I thought the slave cabin tour, called the “Trail to Freedom” was well done, but too short. The guide spent 30 minutes trying to explain slavery which left only a few minutes to see each of the cabins themselves. Considering the size of the group, it was not enough time at all.
One of the most interesting stories was of a grandchild of one of the slaves. His grandfather remained on the plantation as did his father. Like them, he stayed on the property and worked his entire life. He had 17 children in one of these small cabins, which he added on a single room. He did not have indoor plumbing.
9 of the 17 children have college degrees and 9 were military veterans. That man had passed away at the age of 92 only TWO WEEKS before we visited. His son, in his 60s, still works on the plantation in the gardens just as his father did.
After seeing the slave cabins, we toured the main house. Because it was built long after the civil war, the house played no part in those troubled times. Still, it was a strange experience to stand on the massive veranda, looking out over the carefully manicured gardens. Comparing this house to those we just visited was a study in contrasts.
I found the main house a bit underwhelming. Its not any more impressive than other houses from the period although it is especially well furnished. Given the McMansion building boom lately, I bet many of you reading this have a larger home than the Draytons.
Magnolia is more picturesque than most plantations. After the civil war, it opened its doors to the public as a way to stay financially solvent. Rice was unprofitable without slaves and Mr. Drayton wisely converted his considerable wealth into Confederate War Bonds in 1863. Which were not worth the paper they were printed on by 1866.
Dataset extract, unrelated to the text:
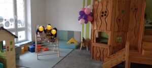 Ein besonderer Bestandteil meiner Kindertagespflege ist die eigene Hochebene, die die Bewegung der Kinder fördert und die Entwicklung ihrer Motorik unterstützt. Über eine kleine Treppe gelangen die Kinder auf die zweite Ebene, über eine Rutsche wieder nach unten. Im Inneren befindet sich eine Spielküche; oben lädt eine kuschelige Lese- und Rückzugsecke zum Ausruhen, Spielen, Krabbeln und Verstecken ein.

In spite of the difficult times after the civil war, opening a stately Southern house to the public was considered quite scandalous. So of course, the Drayton’s were more-or-less alone in the plantation tour market. Their fortunes turned around, permitting them to continue improving the grounds.
One example is this beautiful and quite well known white concrete bridge over one of the pools near the main house. It is quite popular for weddings and other events!
Our last stop was a boat tour through one of the original rice paddies. The system of dikes and canals is still in place and the field is huge. I bet 10 football fields would fit into this one large lagoon. We saw quite a few alligators as well as egrets and other swamp birds. All of the rice is gone, replaced with cattails.
Included in our comprehensive tour package was the self-guided “Audubon Swamp Tour.” It is a mix of raised walking platforms and trails through the swampy ground. We walked for about 20 minutes until the biting flies and mosquitoes drove us back. I couldn’t help but imagine what it must have been like for the early workers to be in those conditions all day, every day.
After seeing the plantation, we wanted some BBQ so we stopped at the Swig and Swine, a highly rated BBQ joint near(ish) to our campground.
I hadn’t considered Charleston to be a BBQ hotspot, but this might have been the best BBQ I’ve ever had. Certainly the brisket was just incredible!
People from all over the country, and indeed all over the world, have come to the Swig and Swine. They have a map and pushpins where people can identify their hometown. We saw both NorCal and the Florida panhandle were well represented!
We spent almost 6 hours at Magnolia Plantation between the tours of the gardens, the slave cabins, the big house, the boat, and the grounds. I had no idea that it could consume an entire day, but it did. If you go, ask them to build in some empty time in the middle of the day so you can eat lunch. The on-site cafe was quite good and reasonably priced. Which is good, because once you are at the plantation, you won’t find any services for miles.